Ensure these values match the script configuration:
AGENT_IDAGENT_SECRET
Configure Redirect URIs
HTTPS:
https://pinggateway.test.com:9443/home/cdsso/redirect
HTTP:
http://pinggateway.test.com:9000/home/cdsso/redirect
Step 4 — Execute the Script
For P1AIC deployments, use HTTPS mode due to SameSite cookie requirements:
- Run:
./install_ping_gateway_P1AIC.sh https - For standalone PingAM deployments run
./install_ping_gateway_P1AIC.sh http
Step 5 — Validate Deployment
After deployment, access:
https://pinggateway.test.com:9443/home/cdsso.
You should be redirected to P1AIC for authentication.
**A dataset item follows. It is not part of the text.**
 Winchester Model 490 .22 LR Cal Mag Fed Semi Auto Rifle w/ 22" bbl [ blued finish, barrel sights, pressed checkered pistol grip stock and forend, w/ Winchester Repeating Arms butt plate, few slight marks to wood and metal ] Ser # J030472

Upon successful login, the Sample Application page will be displayed.
Note: If you were already logged into P1AIC during setup, log out first or use a private browser window to prevent cookie conflicts.

Step 6— Stop/Start the
To stop/start PingGateway and the Sample App use:
- Stop Services:
./install_ping_gateway_P1AIC.sh stop - Start Services:
./install_ping_gateway_P1AIC.sh start
Script Breakdown
The script performs the following high-level steps.
1. Environment Validation
The script validates:
- PingGateway ZIP is present
- Sample Application JAR is present
- Required commands are available (
unzip,curl, etc.) - The host can connect to the configured P1AIC endpoint
Execution stops if validation fails.
2. Clean Installation Handling
If a previous installation exists:
- PingGateway is stopped
- The sample application is stopped
- The installation directory is removed
This ensures clean redeployment.
3. PingGateway Deployment
The script:
- Extracts the PingGateway ZIP
- Performs a temporary start/stop cycle to initialise directories
- Creates required configuration folders
PingGateway is deployed in Production Mode by default.
4. Script Execution Mode
The script supports:
- https mode (recommended for P1AIC)
- http mode (for standalone PingAM deployments)
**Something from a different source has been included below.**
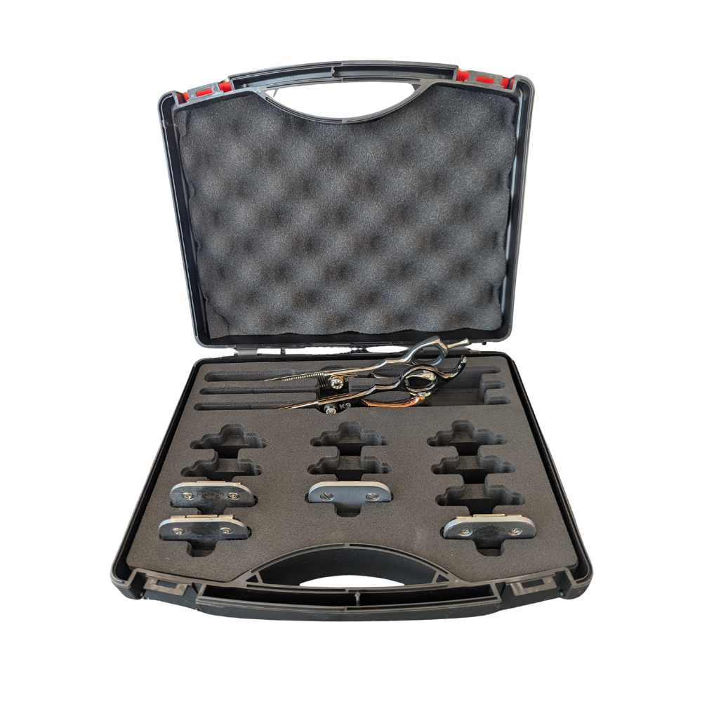 We never leave for a grooming job without this case. It’s sturdy, compact, and gives peace of mind knowing our blades and scissors are fully protected. The locks are great for travel, and the padding keeps everything perfectly in place — no more chipped blades or loose tools! Perfect for sending your blades and scissors in to us for sharpening :)

When HTTPS mode is selected, a self-signed certificate is generated automatically.
Note — Self-signed certificates are for demonstration only and should not be used in production.
5. Sample Application Deployment
The sample application is deployed locally and started on the configured ports, providing a target application for PingGateway to protect.
6. Route Configuration
Two routes are created:
static-resources.json— Allows PingGateway to proxy static resources (e.g., CSS) without authentication. This improves performance and mirrors real-world deployment patterns.cdsso-idc.json— Protects the /home/cdsso context. It checks for a valid OIDC id_token, redirects unauthenticated users to P1AIC, validates tokens on return and grants access upon successful validation
Conclusion
This script provides a fast, repeatable way to deploy PingGateway locally and integrate it with PingOne Advanced Identity Cloud using CDSSO — all within minutes. It enables you to:
- Deploy PingGateway in standalone mode
- Understand how standalone runtime operates
- Explore CDSSO behaviour with P1AIC
- Observe complete end-to-end authentication flows
By simplifying setup and automating the foundational configuration, this approach accelerates learning and removes friction from experimentation. It serves as an ideal starting point for:
- Developers building familiarity with PingGateway
- Architects validating integration patterns
- Technical enablement sessions and workshops
Most importantly, it provides a clear, structured baseline from which you can extend into more advanced routing logic, security hardening, certificate management, and production-ready deployment patterns.
In short, this script turns what could be a multi-step manual configuration process into a streamlined, educational experience — helping you move from exploration to implementation with confidence.